Turbulette packages all you need to build great GraphQL APIs :

ASGI framework, GraphQL library, ORM and data validation

Features:

Split your API in small, independent applications
Generate Pydantic models from GraphQL types
JWT authentication with refresh and fresh tokens
Declarative, powerful and extendable policy-based access control (PBAC)
Extendable auth user model with role management
Async caching (provided by async-caches)
Built-in CLI to manage project, apps, and DB migrations
Built-in pytest plugin to quickly test your resolvers
Settings management at project and app-level (thanks to simple-settings)
CSRF middleware
100% test coverage
100% typed, your IDE will thank you ;)
Handcrafted with ❤️, from 🇨🇵

🔧 Requirements

Python 3.6+

👍 Turbulette makes use of great tools/frameworks and wouldn't exist without them :

Ariadne - Schema-first GraphQL library
Starlette - The little ASGI framework that shines
GINO - Lightweight, async ORM
Pydantic - Powerful data validation with type annotations
Alembic - Lightweight database migration tool
simple-settings - A generic settings system inspired by Django's one
async-caches - Async caching library
Click - A "Command Line Interface Creation Kit"

📝 Installation

$ pip install turbulette

---> 100%

You will also need an ASGI server, such as uvicorn :

$ pip install turbulette

---> 100%

🚀 Quick Start

Here is a short example that demonstrates a minimal project setup.

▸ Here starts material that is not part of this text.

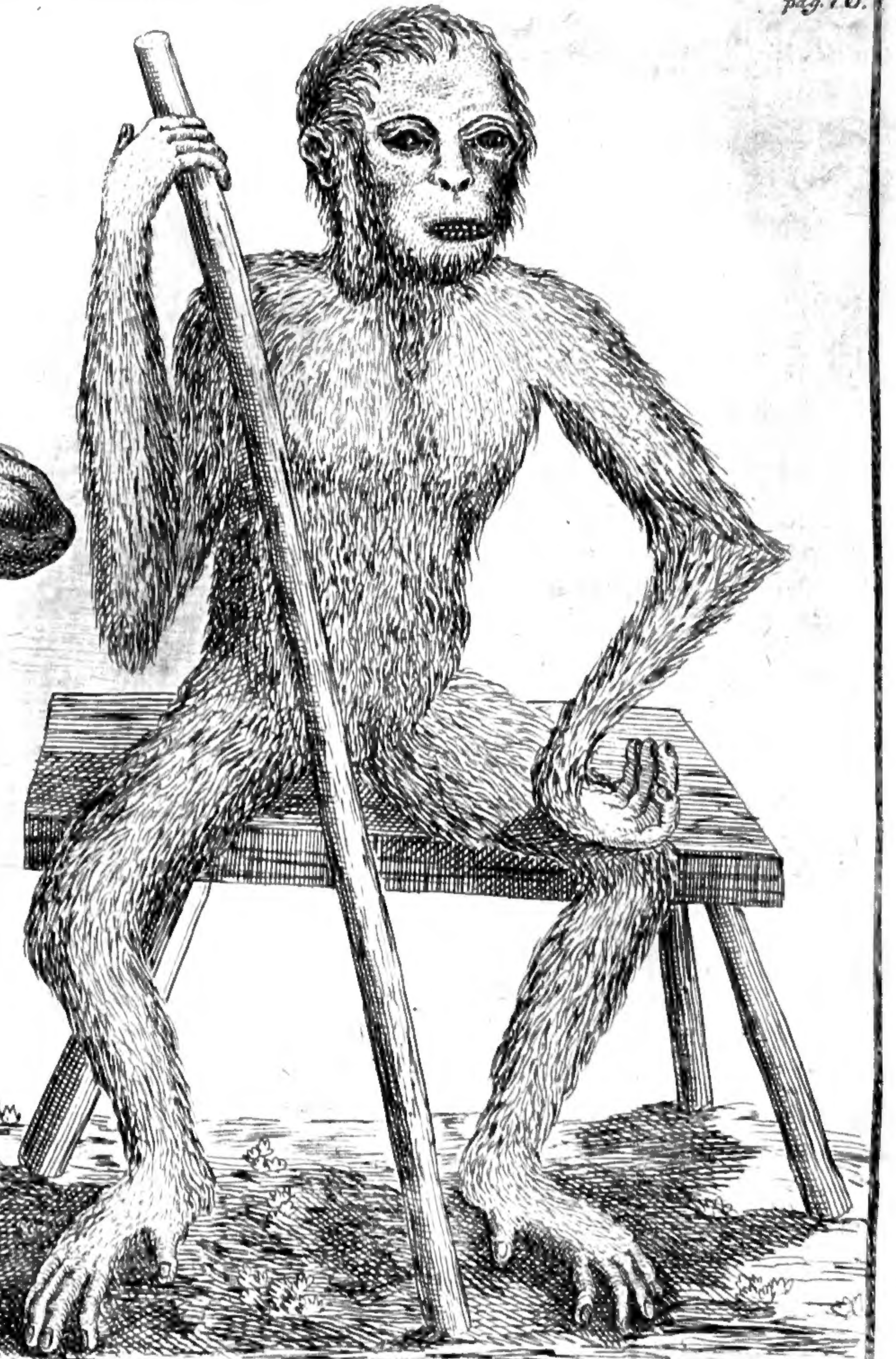
4. PYGMÆUS Edwardi

We will see how to scaffold a simple Turbulette project, create a Turbulette application, and write some GraphQL schema/resolver. It's advisable to start the project in a virtualenv to isolate your dependencies. Here we will be using poetry :

poetry init

Then, install Turbulette from PyPI :

poetry add uvicorn

For the rest of the tutorial, we will assume that commands will be executed under the virtualenv. You can either prepend all commands with poetry run , or spawn a shell inside the virtualenv :

poetry shell

1: Create a project

First, create a directory that will contain the whole project.

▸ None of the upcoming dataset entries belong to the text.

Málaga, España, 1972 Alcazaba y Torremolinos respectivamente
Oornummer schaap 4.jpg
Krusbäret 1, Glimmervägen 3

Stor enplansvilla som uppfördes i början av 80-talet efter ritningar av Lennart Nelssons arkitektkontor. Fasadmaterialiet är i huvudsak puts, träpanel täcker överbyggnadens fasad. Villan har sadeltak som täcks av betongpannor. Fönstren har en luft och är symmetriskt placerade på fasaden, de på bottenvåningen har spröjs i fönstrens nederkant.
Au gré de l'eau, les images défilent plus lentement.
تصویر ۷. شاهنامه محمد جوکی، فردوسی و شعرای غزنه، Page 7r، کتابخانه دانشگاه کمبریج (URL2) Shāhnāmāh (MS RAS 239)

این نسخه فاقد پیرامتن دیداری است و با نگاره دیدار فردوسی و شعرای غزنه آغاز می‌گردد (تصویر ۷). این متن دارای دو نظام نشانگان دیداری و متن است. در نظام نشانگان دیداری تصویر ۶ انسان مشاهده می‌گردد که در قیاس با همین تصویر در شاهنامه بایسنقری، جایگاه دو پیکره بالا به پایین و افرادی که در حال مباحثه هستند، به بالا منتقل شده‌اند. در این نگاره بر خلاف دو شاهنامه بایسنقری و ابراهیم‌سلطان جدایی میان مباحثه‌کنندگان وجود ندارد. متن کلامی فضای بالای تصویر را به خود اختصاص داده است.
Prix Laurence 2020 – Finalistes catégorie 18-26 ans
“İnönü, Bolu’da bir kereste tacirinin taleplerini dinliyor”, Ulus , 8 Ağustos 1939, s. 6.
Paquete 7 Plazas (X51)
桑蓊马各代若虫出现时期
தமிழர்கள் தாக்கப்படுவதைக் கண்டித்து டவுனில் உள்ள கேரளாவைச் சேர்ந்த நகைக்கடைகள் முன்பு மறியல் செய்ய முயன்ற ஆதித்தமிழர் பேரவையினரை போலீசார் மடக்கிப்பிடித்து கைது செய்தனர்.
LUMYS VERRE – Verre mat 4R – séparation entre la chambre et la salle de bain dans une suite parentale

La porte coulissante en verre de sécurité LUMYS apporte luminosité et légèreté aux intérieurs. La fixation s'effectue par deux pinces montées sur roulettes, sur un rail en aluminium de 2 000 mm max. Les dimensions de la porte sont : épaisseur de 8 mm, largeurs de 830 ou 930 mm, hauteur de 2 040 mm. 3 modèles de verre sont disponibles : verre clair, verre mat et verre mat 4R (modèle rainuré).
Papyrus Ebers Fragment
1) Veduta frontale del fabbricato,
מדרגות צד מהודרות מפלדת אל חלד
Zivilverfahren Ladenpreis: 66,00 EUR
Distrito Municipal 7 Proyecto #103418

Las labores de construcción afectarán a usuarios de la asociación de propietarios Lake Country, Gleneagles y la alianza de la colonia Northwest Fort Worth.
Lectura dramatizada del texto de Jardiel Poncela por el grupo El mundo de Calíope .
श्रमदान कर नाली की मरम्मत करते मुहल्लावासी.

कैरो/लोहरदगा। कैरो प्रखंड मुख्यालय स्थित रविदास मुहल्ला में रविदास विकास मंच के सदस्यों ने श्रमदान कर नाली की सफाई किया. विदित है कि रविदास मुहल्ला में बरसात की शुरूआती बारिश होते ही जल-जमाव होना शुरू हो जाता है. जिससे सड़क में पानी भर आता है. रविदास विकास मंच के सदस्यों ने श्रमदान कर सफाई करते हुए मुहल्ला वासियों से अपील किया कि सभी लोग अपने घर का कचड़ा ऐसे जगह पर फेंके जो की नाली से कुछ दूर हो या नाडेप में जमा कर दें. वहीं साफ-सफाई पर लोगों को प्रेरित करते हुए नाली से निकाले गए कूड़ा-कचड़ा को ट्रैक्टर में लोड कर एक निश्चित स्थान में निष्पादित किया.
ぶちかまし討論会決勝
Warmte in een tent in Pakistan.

Now, inside this folder, create your Turbulette project using the turb CLI :

$ turb project --name eshop

You should get with something like this :

.
└── 📁 eshop
    ├── 📁 alembic
    │   ├── 📄 env.py
    │   └── 📄 script.py.mako
    ├── 📄 .env
    ├── 📄 alembic.ini
    ├── 📄 app.py
    └── 📄 settings.py

Let's break down the structure :

📁 eshop : Here is the so-called Turbulette project folder, it will contain applications and project-level configuration files
📁 alembic : Contains the Alembic scripts used when generating/applying DB migrations
📄 env.py
📄 script.py.mako
📄 .env : The actual project settings live here
📄 app.py : Your API entrypoint, it contains the ASGI app
📄 settings.py : Will load settings from .env file

Question

Why have both .env and settings.py?

You don't have to. You can also put all your settings in settings.py. But Turbulette encourage you to follow the twelve-factor methodology, that recommend to separate settings from code because config varies substantially across deploys, code does not. This way, you can untrack .env from version control and only keep tracking settings.py, which will load settings from .env using Starlette's Config object.

2: Create the first app

Now it's time to create a Turbulette application!

Run this command under the project directory (eshop) :

$ turb app -n account

Info

You need to run turb app under the project dir because the CLI needs to access the almebic.ini file to create the initial database migration.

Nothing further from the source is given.